GWAS Atlas (https://ngdc.cncb.ac.cn/gwas/) (Liu et al. 2023a) is a manually curated knowledgebase of genome-wide variant-trait associations in plants and animals. In the current version of GWAS Atlas, a total of 10 plant species, 630 publications, 3125 studies, 269,138 associations, 138,295 variants, 52,802 genes and 1413 traits are curated and included. More importantly, 4581 lead SNPs and 486 experimentally validated causal variants in plants are identified and integrated. All associations and traits have been annotated and organized based on Plant Trait Ontology and Plant Phenotype and Trait Ontology, respectively. Additionally, GWAS Atlas was equipped with four online analysis tools and a submission platform, allowing researchers to perform data analysis and data submission.
To facilitate the systematic research and comparative study of leaf senescence, NGDC constructed leaf senescence database (LSD; https://ngdc.cncb.ac.cn/lsd/) (Li et al. 2020) to collect senescence-associated genes (SAGs), mutants, phenotypes and literature references. LSD 4.0 contains 31,214 genes and 1037 mutants from 86 species. Through manual curation, a wide range of information, including gene name, locus name, GenBank ID, PubMed ID, mutant, species, senescence-associated phenotype, the effect on leaf senescence and evidence are retrieved. In additional, LSD makes extensive annotations for these SAGs through computational approaches, including Gene Ontology, DNA and protein sequences, protein-protein interactions, miRNA interaction information, as well as ortholog groups. These data provide important clues for researchers to elucidate the molecular regulatory mechanisms of leaf senescence.
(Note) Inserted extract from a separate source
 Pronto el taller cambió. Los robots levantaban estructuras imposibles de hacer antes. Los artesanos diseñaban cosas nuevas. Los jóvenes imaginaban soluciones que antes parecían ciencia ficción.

Plant Editosome Database (PED; https://ngdc.cncb.ac.cn/ped) (Li et al. 2019) is a curated database of plant RNA editosomes, with high-quality editosome data manually curated from published literature and organelle genome annotations. The current implementation of PED houses a total of 98 RNA editing factors and 20,836 editing events, involving 203 organelle genes and covering 1621 plant species and 1673 plant organelles. In addition, PED contains interactions between editing factors and editing events in eight model species, functional effects of editing factors in regulating plant phenotypes as well as detailed experimental evidence. PED is committed to the curation, integration and standardization of plant editosome data and thus has the great potential to help researchers conduct systematic investigations on RNA editing machinery in a variety of plant species.
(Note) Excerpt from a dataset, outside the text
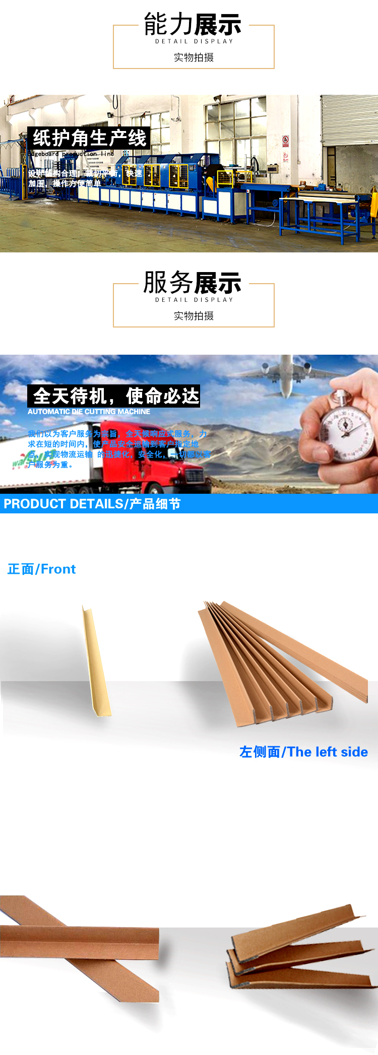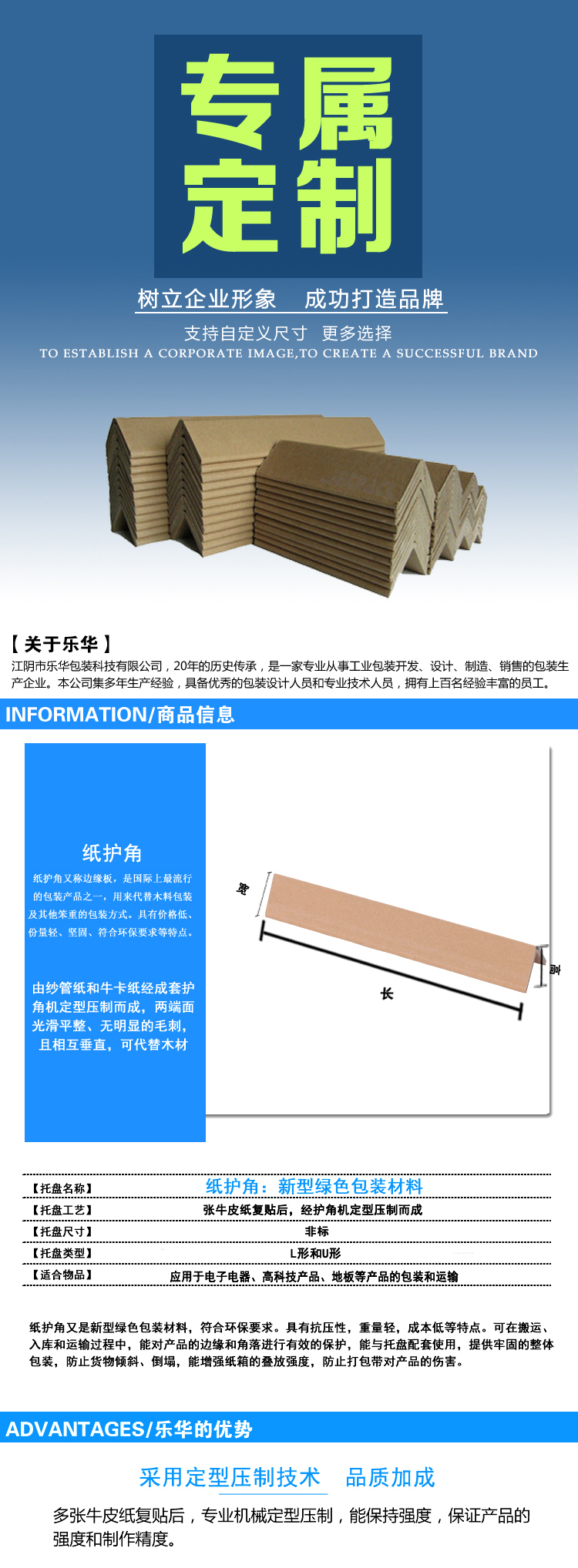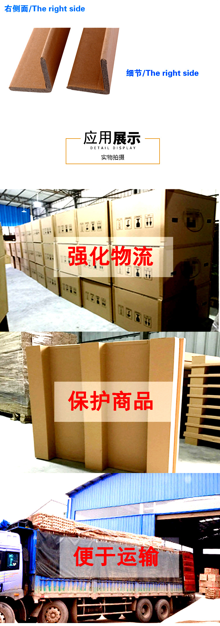 紙護角又稱護角板或紙角鐵,由紗管紙和??堉瞥?,是理想的新型綠色包裝材料,符合環(huán)保要求。具有抗壓性,重量輕,成本低等特點。可在搬運、入庫和運輸過程中,能對產(chǎn)品的邊緣和角落進行有效的保護,能與托盤配套使用,提供牢固的整體包裝,防止貨物傾斜、倒塌,能增強紙箱的疊放強度,防止打包帶對產(chǎn)品的傷害。廣泛應(yīng)用于電子電器、高科技產(chǎn)品、地板等產(chǎn)品的包裝和運輸。

The Internal Control Genes (ICG; https://ngdc.cncb.ac.cn/icg) database (Sang et al. 2018) is a well-established knowledgebase of experimentally validated internal control genes and their respective applicable scenarios for RT-qPCR normalization across a wide variety of species. ICG houses a total of 1216 high-quality verified internal control genes from 278 plant species, associated with 660 corresponding applicable scenarios. The most widely used gene is Actin, which has been reported to be internal control gene in 137 studies. Moreover, at the tissue level, leaf associated 410 different qPCR primers in various experimental conditions were also curated. This knowledge in ICG will help the researchers to select appropriate internal control genes for their own experiments.
Species-specific integrated resources
Taking advantage of the accumulated data resources at NGDC, we further established several staple or economic crops specific integrated resources, including rice, soybean, sorghum and dozens of tropical crops. For each crop species, we collect its omics data in multiple dimensions and use the cross-reference index as a bridge to connect different datasets, building a comprehensive one-stop service platform for researchers to obtain systematic and comprehensive knowledge.
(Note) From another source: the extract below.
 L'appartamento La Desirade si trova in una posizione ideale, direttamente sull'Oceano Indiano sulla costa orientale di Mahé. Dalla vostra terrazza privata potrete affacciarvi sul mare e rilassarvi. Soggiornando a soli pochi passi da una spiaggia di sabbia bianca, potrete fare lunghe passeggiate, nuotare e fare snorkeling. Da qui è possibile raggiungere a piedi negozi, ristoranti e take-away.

The Information Commons for Rice (IC4R, http://ic4r.org/) (Sang et al. 2020) is a public database that integrates multiple omics data for rice and provides high-quality annotations. In its current version, by incorporating abundant information on gene expression from the Rice Expression Database (RED, http://expression.ic4r.org/) (Xia et al. 2017), IC4R comprises rich annotation and sequence information for 56,221 protein-coding genes, 6259 long non-coding RNAs, and 4373 circular RNAs, which constitute its core resources. For each protein-coding gene, IC4R provides gene summaries, transcripts, gene expression, associated functional entries, and ontologies. Meanwhile, long non-coding RNAs include coding potential scores, while circular RNAs come with supporting back-spliced junction reads. Additionally, IC4R is equipped with four online analysis tools for knowledge mining, along with community-contributed modules that support users in contributing their knowledge to improve gene annotation.
The Sorghum Genome Science Database (SorGSD, https://ngdc.cncb.ac.cn/sorgsd/) (Liu et al. 2021) is a comprehensive platform featuring sorghum genomic variations and phenotypes. In its latest release, SorGSD presents 39,547,621 genomic variations (including 33,825,236 SNPs and 5,722,385 INDELs) derived from 289 sorghum accessions, as well as characteristic phenotypic information and panicle pictures of critical sorghum lines. Moreover, SorGSD offers three useful tools: ID Conversion, Homologue Search, and Genome Browser, and grants access to a wealth of online sorghum information and published literature, serving as an invaluable platform for in-depth research on sorghum.
The SoyOmics database (https://ngdc.cncb.ac.cn/soyomics/index) (Liu et al. 2023b) is a panoramic multidimensional omics resource of soybean, providing comprehensive knowledge and analysis tools. Through the integration of 27 de-novo assembled genomes from various soybean accessions, along with their generating pan-genomes, 550,000 large-scale structural variations, and 57,480 homologous gene groups; as well as gene expression data from 28 or 9 tissue stage samples of Williams82/ZH13 or pan-genome accessions; and an approximately 38 million SNPs and INDELs derived from 2898 re-sequenced soybean samples; and approximately 27,000 records of 115 soybean phenotypes from different years and planting regions, SoyOmics offers 6 highly interactive basic modules: Genome, Variome, Transcriptome, Phenome, Homology, and Synteny for data browsing. Besides, it also offers several commonly easy-to-use toolkits, including BLAST, easyGWAS, ExpPattern, HapSnap, VersionMap and SoyArray. In summary, SoyOmics encompasses a comprehensive integration of multi-omics datasets and holds significant advantages in multi-omics interaction, pan-genome scanning, and online analysis functionality, which will greatly benefit deep mining of soybean molecular breeding study.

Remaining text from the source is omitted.